Using T-SQL Snapshot Backup - Are Snapshots Backups?

Introduction

Traditional SQL Server backups can struggle with large databases, resulting in longer backup times and resource contention. T-SQL Snapshot Backup, a new feature in SQL Server 2022, addresses these challenges by allowing storage-based snapshots to be coordinated through T-SQL. This feature delivers faster, more efficient backups, especially for large-scale environments with the most aggressive of recovery objectives.

Anatomy of a Full Backup

Before we start learning about T-SQL Snapshot backup, let’s establish what a backup in SQL Server is. When a backup is initiated in SQL Server, several things occur. Follow along in Figure 1 below; here, you see a database with database files on Disk A and a transaction log file on Disk B.
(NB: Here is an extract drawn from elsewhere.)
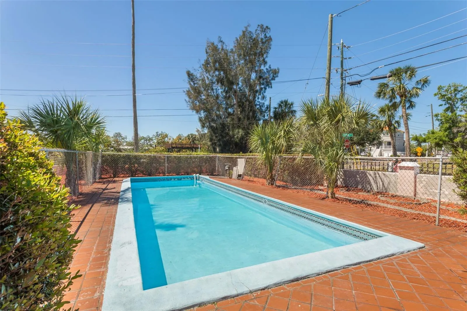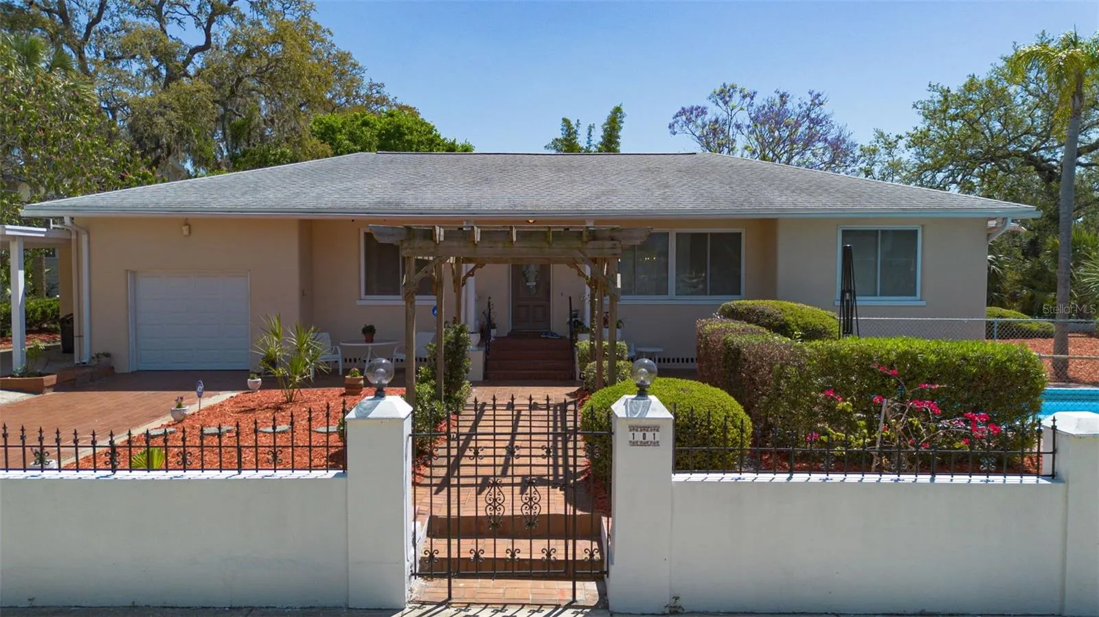 Enter this charming older inground pool home with safety fence, through wrought iron gate and brick paved walkway to the front door.

Let’s go through the process:

  1. A checkpoint runs, stabilizing the database on disk by writing any dirty pages and marking a starting recovery point in the transaction log.
  2. The database engine marks the start of the backup in the transaction log.
  3. A backup file(s) is created with a backup header that describes the file’s contents, the database’s file layout, and the database’s status at the time of the backup.
  4. Database pages in the database files (s) are read sequentially from the database file(s) and written into the backup file(s).
  5. Once the pages are copied into the backup file, the active portion of the transaction log is also copied into the backup.
  6. Mark in the transaction log that the backup is finished.
  7. Upon completion, MSDB records the backup in the backup history. This information includes details such as the backup type, time, start and stop LSN, and other critical backup information.

Full Backup
Figure 1: Anatomy of a Full Backup

Challenges as Databases Grow Larger

The full backup we just discussed is the foundation of a database protection solution for the DBA. The database engine controls what’s written into the backup file, containing all the database data and log at the time of the backup. However, reading and writing all the data into a file can pose challenges as databases grow. When I present on this topic, I often ask the audience how many people have a database larger than 10TB - about half of the room raises their hand. I then ask how many restore their database to meet their business’s recovery objectives; nearly all those hands go down. Sometimes, I’ll ask how many of you run 24x7 shops, and a full backup impacts your production workloads, usually about 10% of the hands in the room up. Let’s talk about some challenges around running full backups as databases grow.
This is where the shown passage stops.